Vacancy is no longer high in the 82,400-unit Oklahoma City apartment market, and rents are beginning to surge. The second quarter 2012 vacancy rate is 6.3%, down 40 basis points from the prior quarter and 120 from a year earlier. The Class A rate was just 4.0%, compared with 7.2% for Class B/C properties. The quarter’s overall net absorption of 333 units brought the half-year total to 882, compared with just 318 new units completed. Reis predicts a similar net absorption total for the second half of 2012, and an annual total of 1,675 for the year.
A total of 152 units were absorbed in July and August, but the vacancy rate remained at 6.3% as the 184-unit Villas at Summit Pointe completed construction in south Oklahoma City. The 228-unit Level Urban apartments followed in east central OKC in October, and thanks to ongoing new supply the vacancy rate is forecast to remain above 6.0% through year-end 2012. Despite slowing demand, the rate is forecast to eventually level off at about 5.5% as new supply slows as well.

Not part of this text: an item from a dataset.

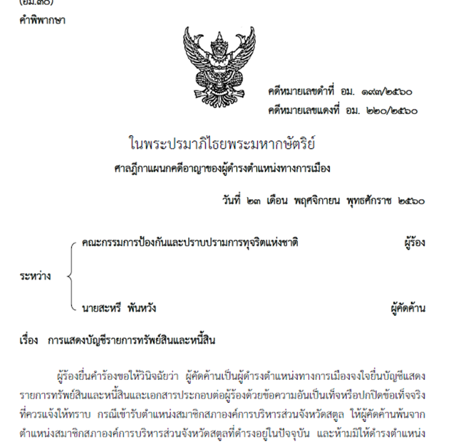 นายสะหรี พันหวัง สมาชิกสภาองค์การบริหารส่วนจังหวัดสตูล (ส.อบจ.สตูล) จงใจยื่นบัญชีแสดงรายการทรัพย์สินและหนี้สิน และเอกสารประกอบต่อผู้ร้องด้วยข้อความอันเป็นเท็จหรือปกปิดข้อเท็จจริงที่แจ้งให้ทราบ กรณีเข้ารับตำแหน่ง ส.อบจ.สตูล ตามพระราชบัญญัติประกอบรัฐธรรมนูญว่าด้วย การป้องกันและปราบปรามการทุจริต พ.ศ. 2542 มาตรา 32 และมาตรา 33 ให้ผู้คัดค้านพ้นจากตำแหน่ง ส.อบจ.สตูลที่ดำรงอยู่นับแต่วันที่ 23 พ.ย.2560 อันเป็นวันที่ศาลฎีกาฯ วินิจฉัย และห้ามมิให้ผู้คัดค้านดำรงตำแหน่งทางการเมืองหรือดำรงตำแหน่งใดในพรรคการเมืองเป็นเวลาห้าปีนับแต่วันที่ 23 พ.ย.2560 ซึ่งเป็นวันที่ศาลฎีกาฯ วินิจฉัย กับมีความผิดตามพระราชบัญญัติประกอบรัฐธรรมนูญว่าด้วยการป้องกันและปราบปรามการทุจริต พ.ศ.2542 มาตรา 119 จำคุก 2 เดือน และปรับ 8,000 บาท ผู้คัดค้านให้การรับสารภาพ เป็นประโยชน์แก่การพิจารณา มีเหตุบรรเทาโทษ ลดโทษให้กึ่งหนึ่ง คงจำคุก 1 เดือน และปรับ 4,000 บาท ไม่ปรากฏว่าผู้คัดค้านเคยได้รับโทษจำคุกมาก่อน โทษจำคุกจึงให้รอการลงโทษไว้มีกำหนด 1 ปี

In the second quarter the average asking rent increased 1.1% to $576 per month, with the average effective rent up 1.4% to $555 per month. Gains of 0.3% for each followed for July and August combined, and Reis predicts increases of 4.0% and 5.0% for all of 2012. That would the second largest effective rent gain Reis has recorded in a database going back to 1999, but given how low rents are the strain on tenants would be limited. The effective average is forecast to rise by about 4.5% in each of the subsequent three years. The second quarter 2012 asking average, meanwhile, was $710 per month for Class A units and just $518 per month for Class B/C units.
Sperry Van Ness reports “the Oklahoma City multifamily market continued its bullish run in the first half of 2012 with sales comps hitting $100,000 a unit again for the first time since 2008.”